Sending kids to Yeshiva, bringing them to Synagogue and celebrating the Holidays with them are an essential part of our parental responsibilities. It’s how we perpetuate our traditions from generation to generation. In this regard, I can’t help but note that growing up, my dad, of blessed memory and mom worked very hard to provide us with these basic building blocks. We did not go to the very best schools; there were budgetary constraints. There were also no frills like private lessons.  However, we did obtain the very best educations. We were inculcated with virtues like self-sufficiency. Victimhood was a banned concept in my parent’s home. It was about facing and overcoming challenges. There were no excuses. Given their sacrifices, we were enabled to have a Torah education, graduate college and professional or graduate school and learn to swim. We were dedicated to making their sacrifices meaningful. We could do no less than take these opportunities seriously.

Today, in our community and many others, there is no reasonable excuse not to afford a child a Yeshiva education. I can’t say that every school will accept a child, tuition free, even if that is what the parents’ finances dictate. However, there are schools that will. Many more will work out a financial plan, which couples some appropriate level of tuition payment by the parents with a scholarship. In our community, we have a charitable organization that, among other things, is dedicated to achieving this purpose and provides the financial assistance needed.

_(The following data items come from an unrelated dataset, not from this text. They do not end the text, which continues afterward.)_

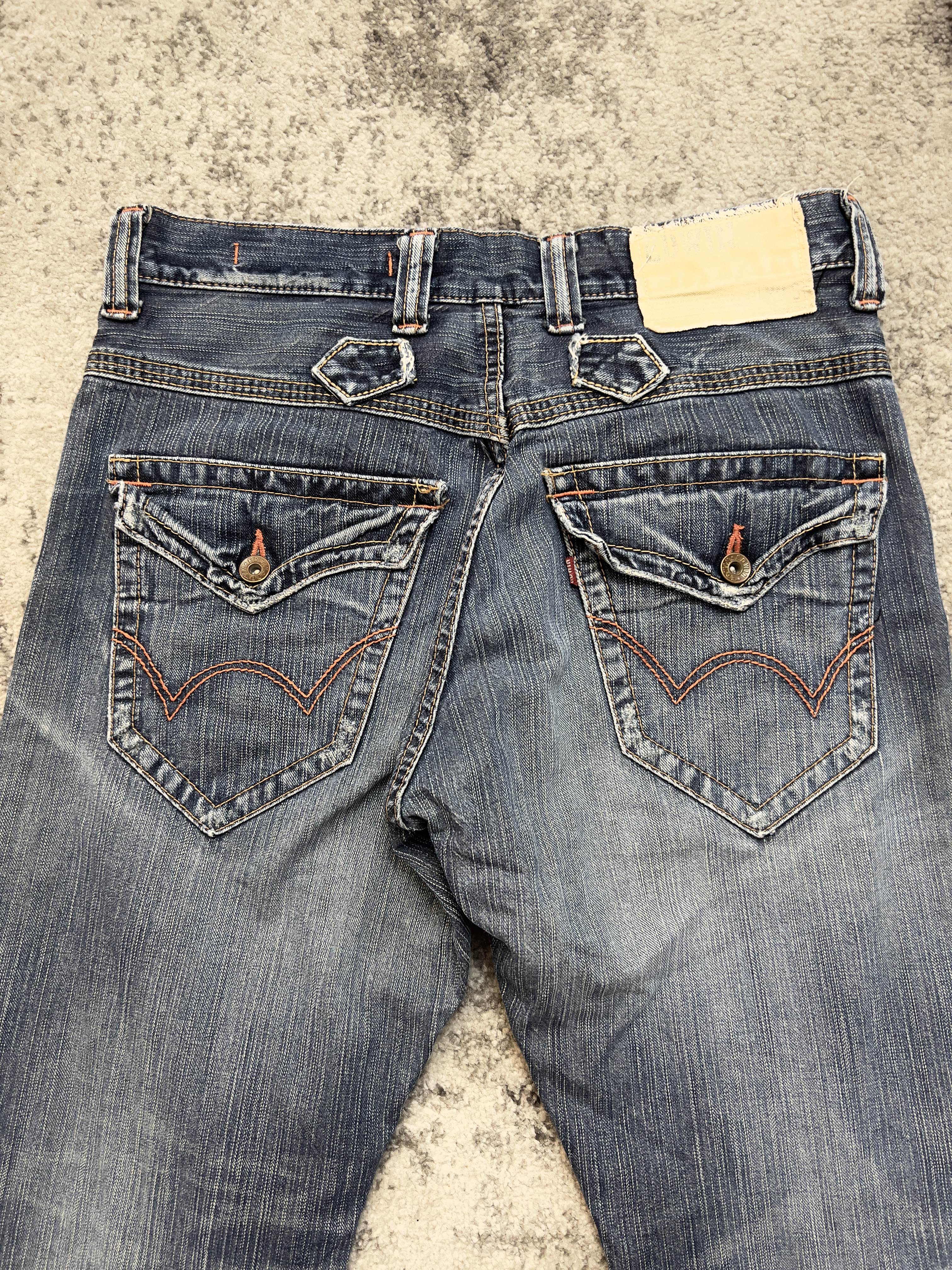 Naturally faded, with deep-set whiskering and creases that speak of countless journeys. Light signs of wear, no structural flaws – just the perfect dose of character.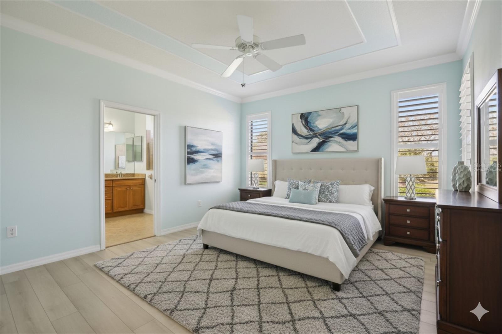 One or more photo(s) has been virtually staged. Welcome home to this sun-drenched, Lake-view home in the gated Venetian Falls community! If you have been searching for a place that feels like a private retreat while still being part of a vibrant neighborhood, this is it. You’ll immediately notice how well-loved this home is, from the stylish tile flooring in the main living areas to the warm bamboo floors in the bedrooms and den. The kitchen is a true standout, updated with rich wood cabinetry, granite countertops, and stainless steel appliances—including a convection oven for those who love to cook. Step outside to the massive 16x16 extended lanai, where you can sip your morning coffee or enjoy a quiet evening while looking out over the peaceful lake. Beyond your front door, life is just as inviting. The community offers a 16,000 sq. ft. clubhouse where there is always something happening, from fitness classes and lap swimming to billiards and arts and crafts. Whether you want to practice your short game on the putting green or take a stroll along the scenic walking paths, the options are endless. Plus, with a low monthly fee that covers lawn care, cable, and roof cleaning, you can spend less time on chores and more time enjoying the nearby Venice beaches and downtown dining. This home comes move-in ready—come see why so many people love calling this neighborhood home!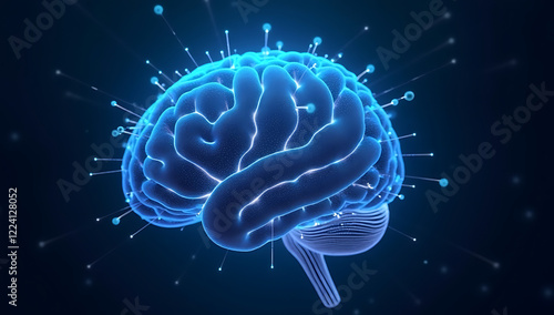 A glowing 3D AI brain interface made of interconnected circuits and digital nodes, pulsating with vibrant energy. Represents neural networks and machine learning.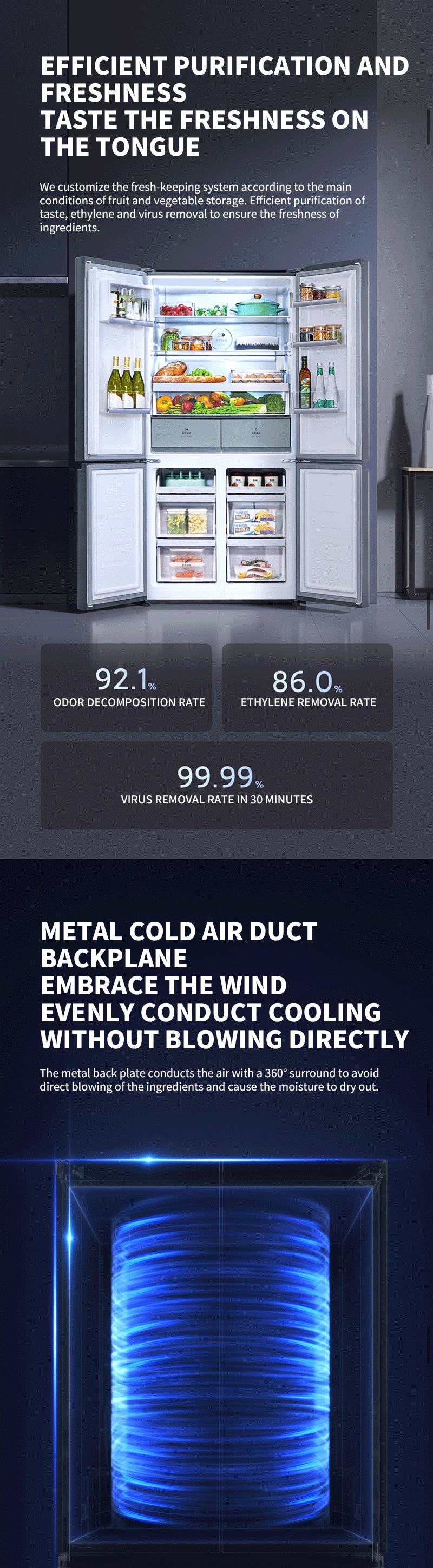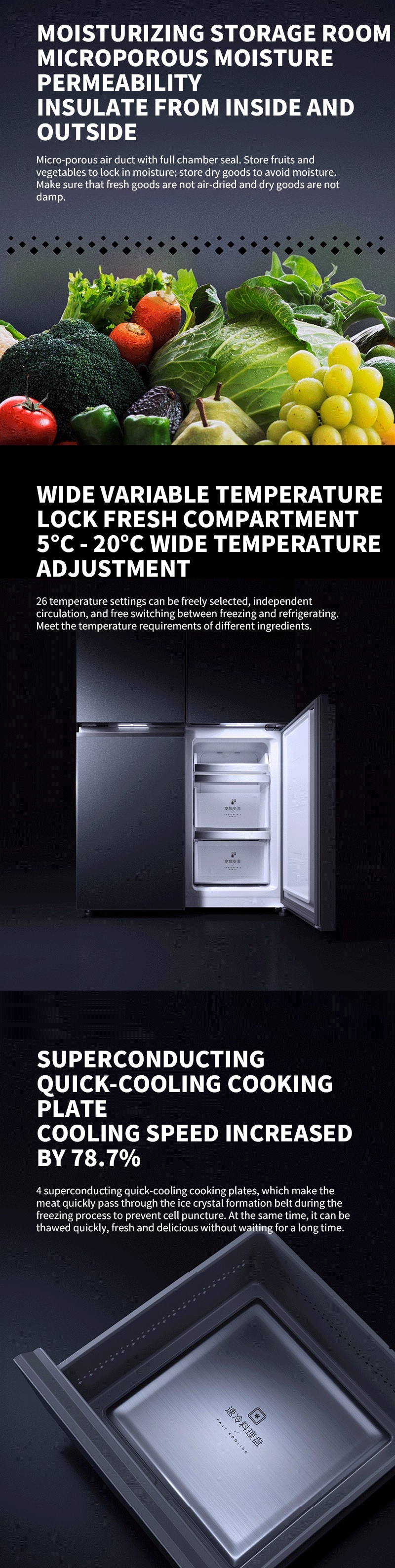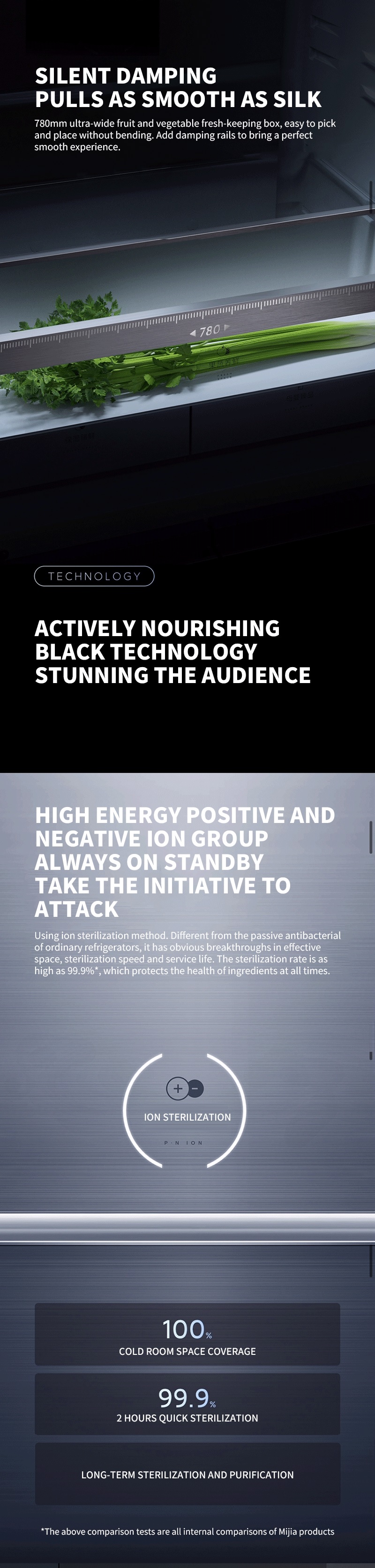 Điều đáng nói là Tủ lạnh Mijia Cross Four Door Exclusive Edition áp dụng phương pháp khử trùng bằng ion và tỷ lệ khử trùng đạt 99,9%. Đồng thời, đối với điều kiện bảo quản rau quả là chính, hệ thống bảo quản tươi sống được cung cấp để làm sạch toàn bộ, loại bỏ etylen và loại bỏ virus với hiệu quả cao và thanh lọc để đảm bảo thực phẩm luôn tươi ngon như trước.
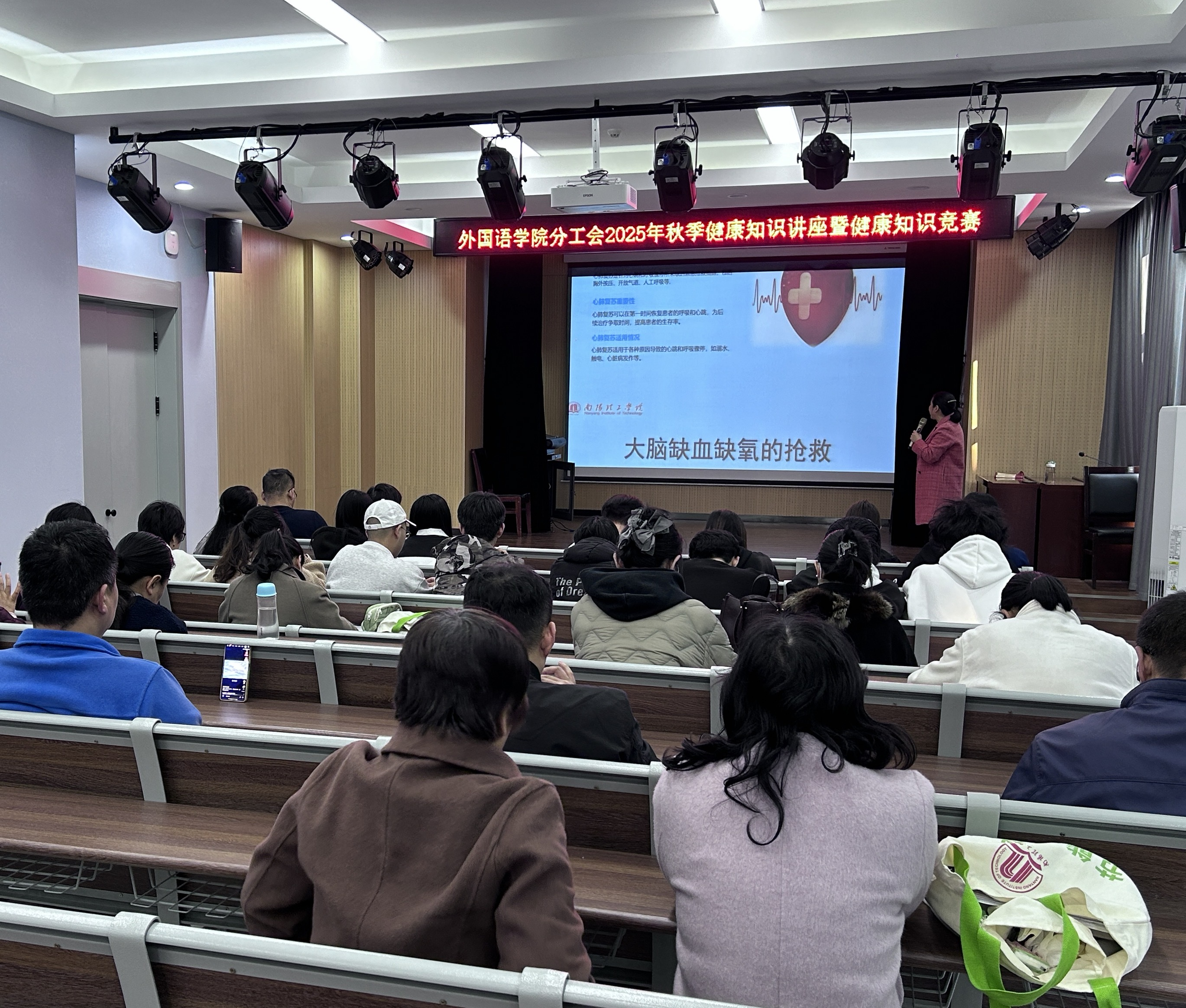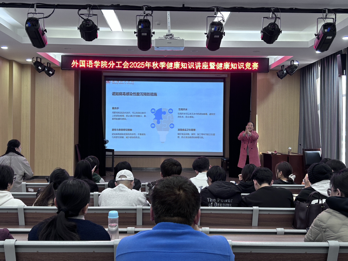 本网讯(通讯员/甄佳)2025年11月4日,南阳理工学院外国语学院分工会在19教105教室成功举办秋季健康知识讲座暨健康知识竞赛活动,学院师生共同参与,在学习实用健康技能的同时,深化了健康防护意识。

Of course, parents have to do their part, too. My parents almost never took a vacation and we didn’t go away to a hotel for the Holidays. The family also didn’t go out to eat in restaurants. Our education was the priority. Kids can help, as well. The dedication to shared values shown by our parents was infectious. Whatever free time we had was spent helping out in our parents’ grocery store, sharing in the chores at home or at part time jobs. Frankly we really didn’t go away to summer camp until we were able to work there.

The key was focusing on the basics and a Yeshiva education is a fundamental part of a traditional Jewish upbringing. My wife and I are most grateful to our parents for giving us a Yeshiva education. We did the same for our children. Thank G-d, our children are doing so for their children, as well. It’s part of a tradition that has enabled the Jewish people to survive through all the trials and tribulations of the millennia. The Zohar[xiii] states that it is the voices of the children who study Torah, which saves the world. The Talmud[xiv] reports that even a generation bereft of saints is saved because of the children. We have a duty to teach them well and inform them by our example of proper conduct.

Do as I do; that’s a part of the real teaching formula and a hallmark of our religion. Bring your children to Synagogue and make them proud to be with you. They’ll make you proud and grateful to be with them.

May we all be blessed with a happy, healthy and sweet new year.

[i] The song is titled, The Greatest Love of All.

[ii] Deuteronomy 31:10-12.

[iii] Sota 7:8, appearing in the Babylonian Talmud, Tractate Sota, at page 41a.

[iv] Tosefta Sota 7:8, based on the description in II Chronicles 23.

[v] Deuteronomy 32:12.

[vi] Babylonian Talmud, Tractate Chagigah, at page 3a.

[vii] Hilchot Chagigah 3:6.

[viii] Part III, Chapter 46:12.

[ix] Babylonian Talmud, Tractate Pesachim, at page 109a.

[x] Deuteronomy 6:4-7.

[xi] Babylonian Talmud, Tractate Kiddushin, at page 29a.

[xii] Sefer HaMitzvot, Positive Commandment Number 11.

[xiii] 1:1b:3.

[xiv] Babylonian Talmud Tractate Shabbos, at page 33b.